### Exercise requirements
Would you reproduce the data below exactly, please, leaving out its images?

### Dataset excerpt

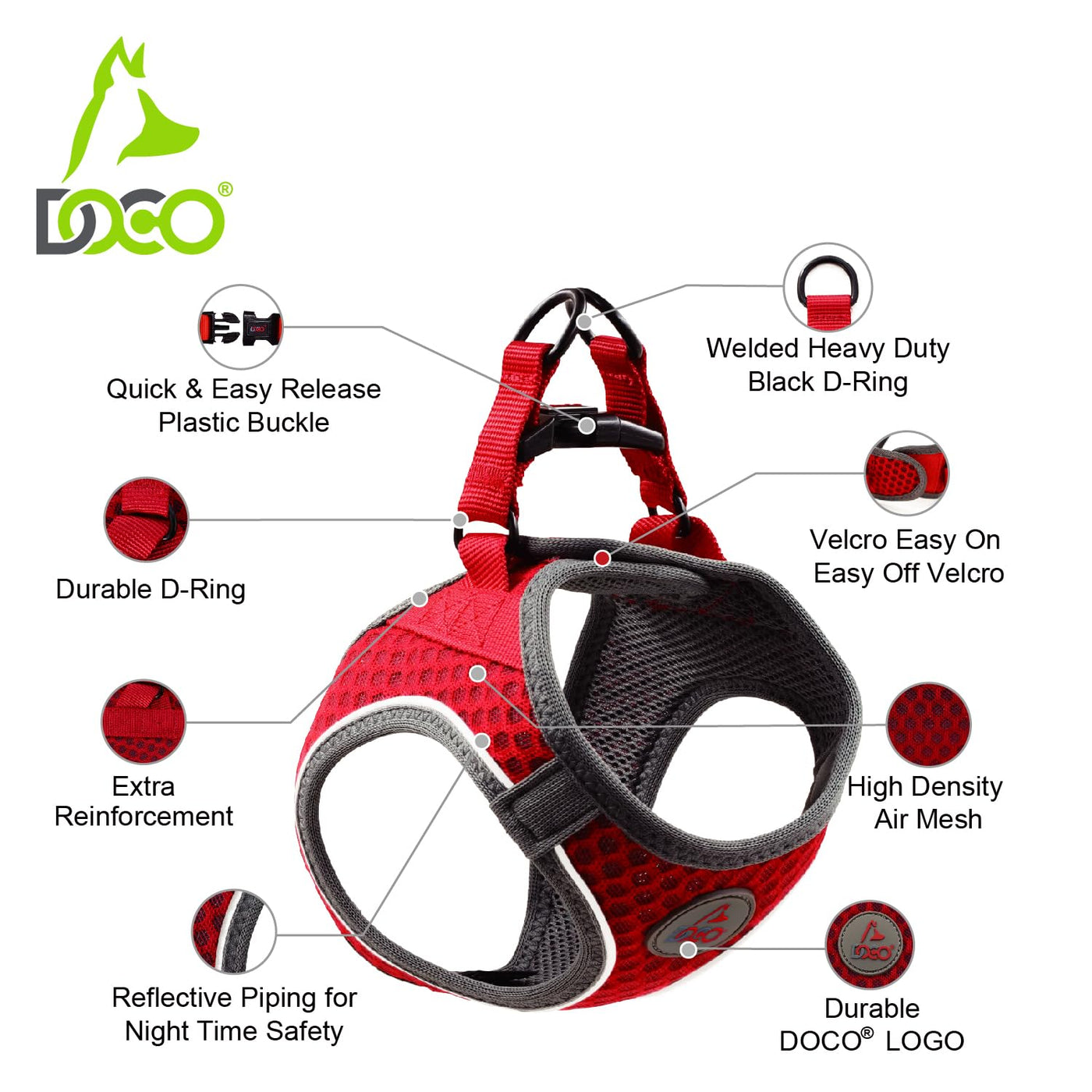 The DOCO Athletica Quick Fit Mesh Harness is a form fitting adjustable vest harness designed to provide a comfortable fit with less pressure around the neck than classic collars. Perfect for easier training and outdoor activities. The 3mm thick high dense air mesh will provide ultra comfort on your best buddys neck and chest area. The mesh harness is designed with a reflective all-over piping that reflects light for extra safety in the darkness and visibility at night. Equipped with adjustable velcro straps for easy size adjustment and customs fits for different girth sizes. The cross-stitched nylon straps allow for optimal tension distribution and protect against neck injuries. Its long lasting and fray resistant. All DOCO harnesses are designed to reduce stress, allowing weight to be distributed evenly through the chest and shoulders when your dog pulls while walking. Treat your dog to some unique designs with this series of harnesses. Available in a variety of solid and vibrant colors that are easy to see at all times. They are perfect to complete your best buddies look.
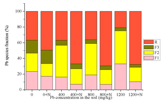 Soil pollution by heavy metals has become a serious concern in many developing countries due to intense industrialization and urbanization. Heavy metals are more complex than other environmental pollutants because they can be toxic to all living organisms. They are not biodegradable and tend to accumulate in tissues [1]. Lead is recognized as one of the most widespread toxic metal contaminants and pervasive health concerns in the environment [2]. It is generated from the natural weathering of rocks and industrial activities, including mining and lead ore smelting, lead-acid battery manufacturing, lead-based paints, etc. [3]. In addition, Pb is not an essential nutrient in the metabolic processes of plants and animals, and it can accumulate to high levels and have biological toxicity to organisms [4,5]. The limit for Pb content is 35 mg/kg, according to the environmental quality standards for soils [6]. Therefore, the development of remediation strategies for Pb-contaminated soils is very important for human health and ecological protection.
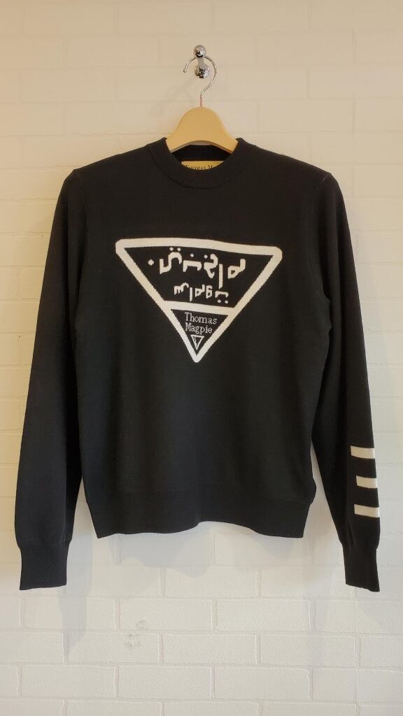 アラビア文字で表現された胸元のロゴ使いがアクセントになるニットです。
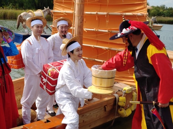 18일 서울 마포구 월드컵공원에서 열린 '제12회 마포나루 새우젓축제'에서 유동균 마포구청장이 마포나루에 도착한 전국 각지에서 온 새우젓을 시식하고 있다.

### Final answer
 The DOCO Athletica Quick Fit Mesh Harness is a form fitting adjustable vest harness designed to provide a comfortable fit with less pressure around the neck than classic collars. Perfect for easier training and outdoor activities. The 3mm thick high dense air mesh will provide ultra comfort on your best buddys neck and chest area. The mesh harness is designed with a reflective all-over piping that reflects light for extra safety in the darkness and visibility at night. Equipped with adjustable velcro straps for easy size adjustment and customs fits for different girth sizes. The cross-stitched nylon straps allow for optimal tension distribution and protect against neck injuries. Its long lasting and fray resistant. All DOCO harnesses are designed to reduce stress, allowing weight to be distributed evenly through the chest and shoulders when your dog pulls while walking. Treat your dog to some unique designs with this series of harnesses. Available in a variety of solid and vibrant colors that are easy to see at all times. They are perfect to complete your best buddies look.
 Soil pollution by heavy metals has become a serious concern in many developing countries due to intense industrialization and urbanization. Heavy metals are more complex than other environmental pollutants because they can be toxic to all living organisms. They are not biodegradable and tend to accumulate in tissues [1]. Lead is recognized as one of the most widespread toxic metal contaminants and pervasive health concerns in the environment [2]. It is generated from the natural weathering of rocks and industrial activities, including mining and lead ore smelting, lead-acid battery manufacturing, lead-based paints, etc. [3]. In addition, Pb is not an essential nutrient in the metabolic processes of plants and animals, and it can accumulate to high levels and have biological toxicity to organisms [4,5]. The limit for Pb content is 35 mg/kg, according to the environmental quality standards for soils [6]. Therefore, the development of remediation strategies for Pb-contaminated soils is very important for human health and ecological protection.
 アラビア文字で表現された胸元のロゴ使いがアクセントになるニットです。
 18일 서울 마포구 월드컵공원에서 열린 '제12회 마포나루 새우젓축제'에서 유동균 마포구청장이 마포나루에 도착한 전국 각지에서 온 새우젓을 시식하고 있다.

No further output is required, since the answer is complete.